Yesterday morning I was lying on my front lawn, face to the sky, trying to decide what kind of lawn mower I needed to buy. The hedge clippers beside me were my perfectly illogical stand-in for a mower.
The grass felt silky and the light was in between, not quite sunrise. After my husband died, I disappeared into myself. Grief can make you feel small without you noticing. But something shifted. Just like when I was in my teens, my latest decade is about self discovery and trying on new identities. My friend, Sheila, told me I would become many new versions of me. “Try them all on,” she said. And I have, reclaiming pieces of the girl I used to be, the one who tried things simply because she could.
“Have you lost your filter?” someone might ask.
No, I have not. I have simply moved past the territory of complying, fading away, bending to stereotypes, and into the frontier of being true-blue. It is an independence our grandmothers rarely had the social permission to claim.

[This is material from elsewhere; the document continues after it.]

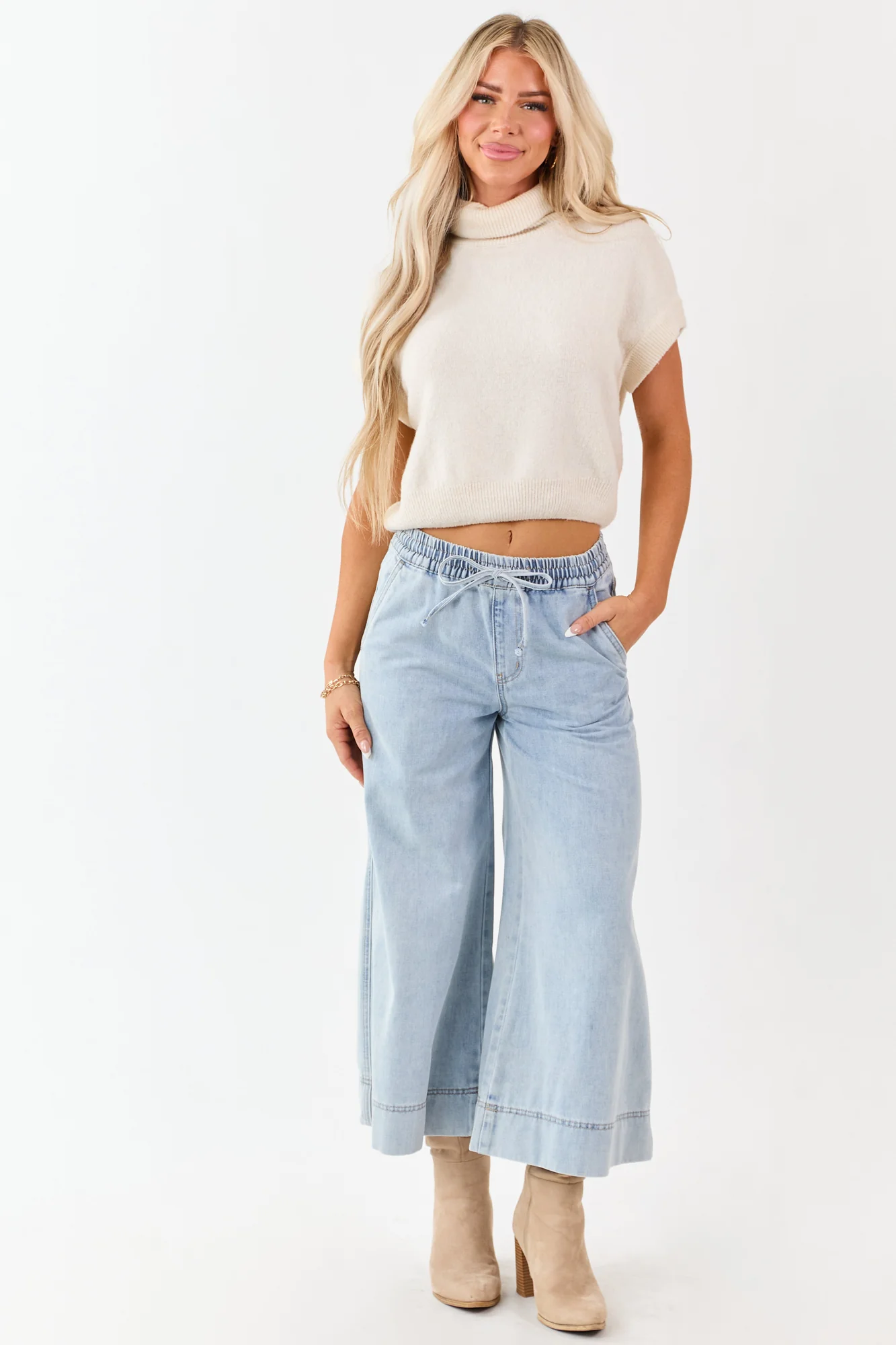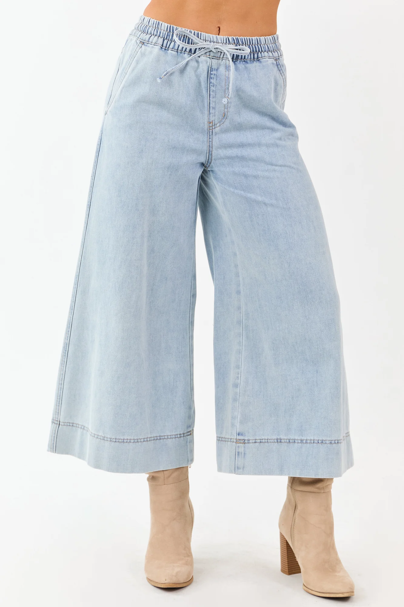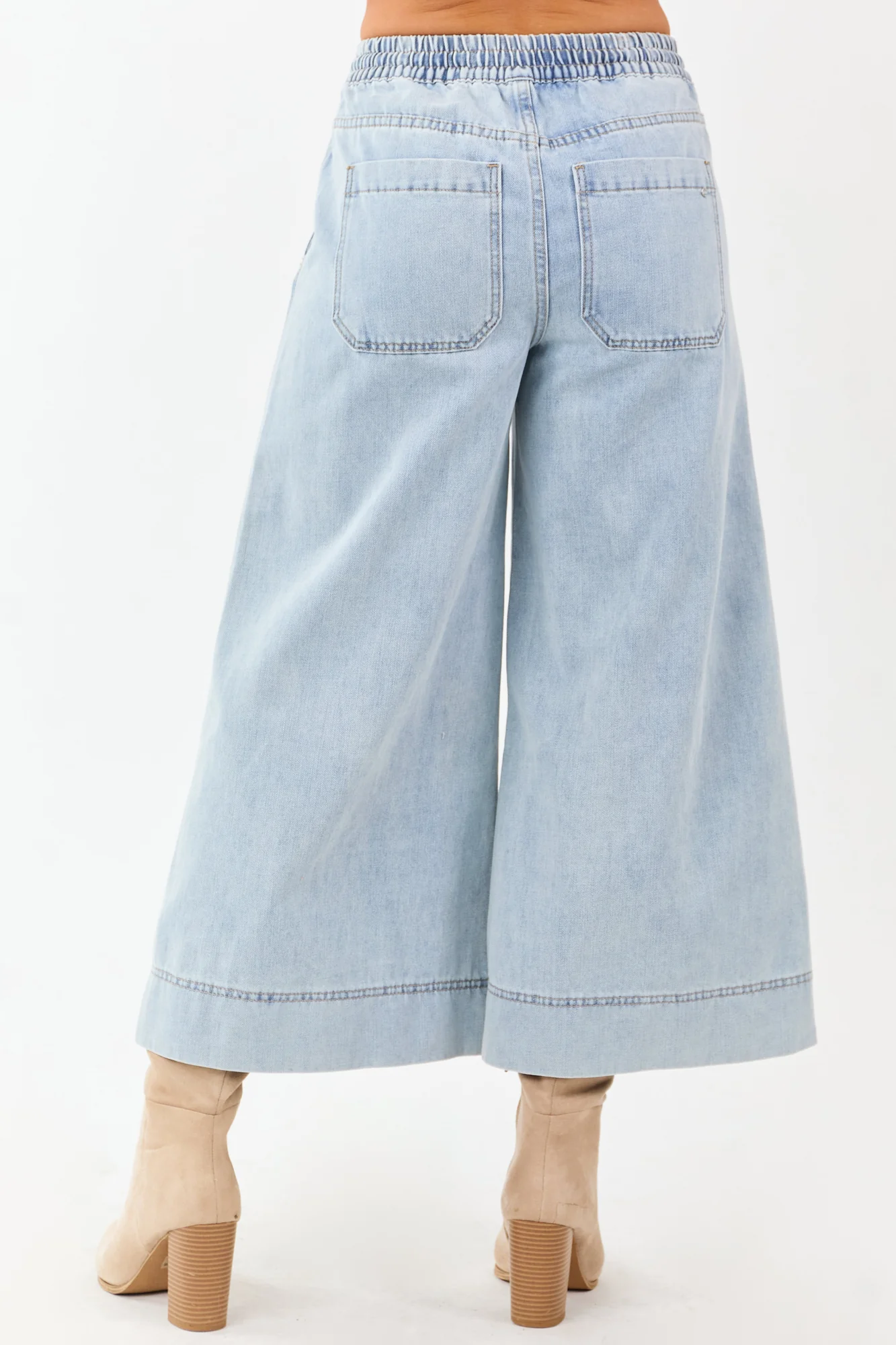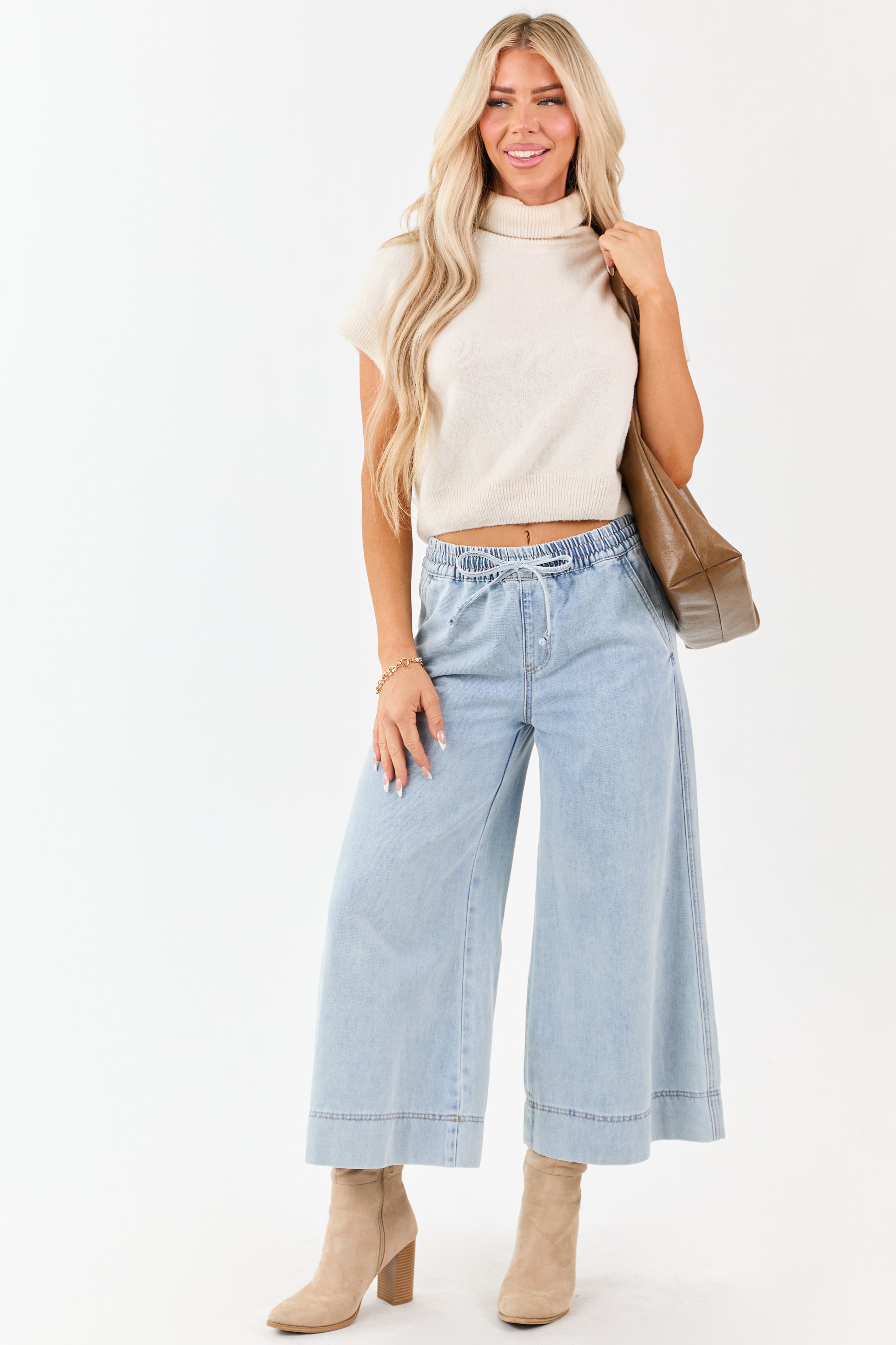 Experience casual comfort in these breezy light wash capri denim jeans featuring a smocked drawstring waist for a perfect fit. Ideal for autumn outings and relaxed occasions, these non-stretchy lightweight jeans offer a high-rise look with a stretchy smocked waistband and adjustable drawstring. With a cropped style, four pockets, and inseam of 24″, these jeans are made of 74% Cotton and 26% Polyester. Imported. Model wears size Small (Waist: 28″, Hip: 42″). Models measurements: Size 3, Height 57″, Bust 35″, Waist 26″.

So there I was, completely content on the grass, testing out a gymnast-level lying leg tuck. My doctor may call it a functional fitness test, but for me it is the ultimate age defier.
You begin the maneuver with the enthusiasm of a gymnast. One leg stays long, a steady anchor. The other begins its ambitious journey.
You hoist the active leg, guiding the thigh to drape over its partner, twisting the pelvis just so, until, with a final rotation, the sole of that foot meets the surface on the other side. Squarely. Flat. Unmistakable.
In that moment, I was not a widow with a lawn mower dilemna. I was the fourteen-year-old girl sitting cross-legged on my bed, folded into herself like origami. That girl is still present. I just needed to shake her awake.
It is a hilarious, private flex, a physical middle finger to the concept of time. As I admired the sky, twisted into a human knot, feeling a deep, satisfying flexibility, I heard a voice.
“Oh God, maybe I have lost it,” I said to myself.
I looked over and saw my beloved neighbor, her beautiful lab puppy, and what appeared to be two cups of coffee headed my way.
She was half whispering, half calling my name as she moved low to the ground, stealth like, as though entering a stakeout.
“Bren,” she said, “are you okay?”
For the first time, I realized how ridiculous I must look. I laughed out loud, my hand over my mouth because the sun was not quite up yet. It was trying too.
“What are you doing?” she asked, as I raised myself up and gratefully accepted the coffee she offered.
She looked at me, then at the hedge clippers, with a half smile and a half concerned glance. Laughing, I explained that I was planning to trim my lawn with hedge clippers while contemplating what kind of mower to buy. But in between, I could not help noticing the sky.
Coffee cups in hand, we both lay down on my front lawn, and taking a cue from us, her puppy did the same. We were silent for a moment, admiring the beautiful pink, crushed-rose hue that had appeared for the second day in a row.
Then she said,
“You should buy an electric mower. Make sure it is light so it does not catapult you across the lawn.”
I smiled to myself. I am pretty sure me winging wildly across my lawn with an electric mower would look normal compared to tucking myself into the blades of grass. Remembering my newly defiant, non-compliant emerging self, I said,
“Our neighbors will think we are nuts.”
She smiled and said, “Who cares, let them. And you are the nicest, most fun neighbor I have ever had. Please never move.”
Later that day, her son mowed my lawn and I ordered my mower. As the sun set, I felt an odd freedom I had not felt in a long time.
Turns out I am not finished with myself yet. Not even close.



Self-discovery never ends, unless you want it to. I like the idea of laying down on a lawn, but mine is currently like a dust bowl. Maybe I'll eat a peach over the sink instead.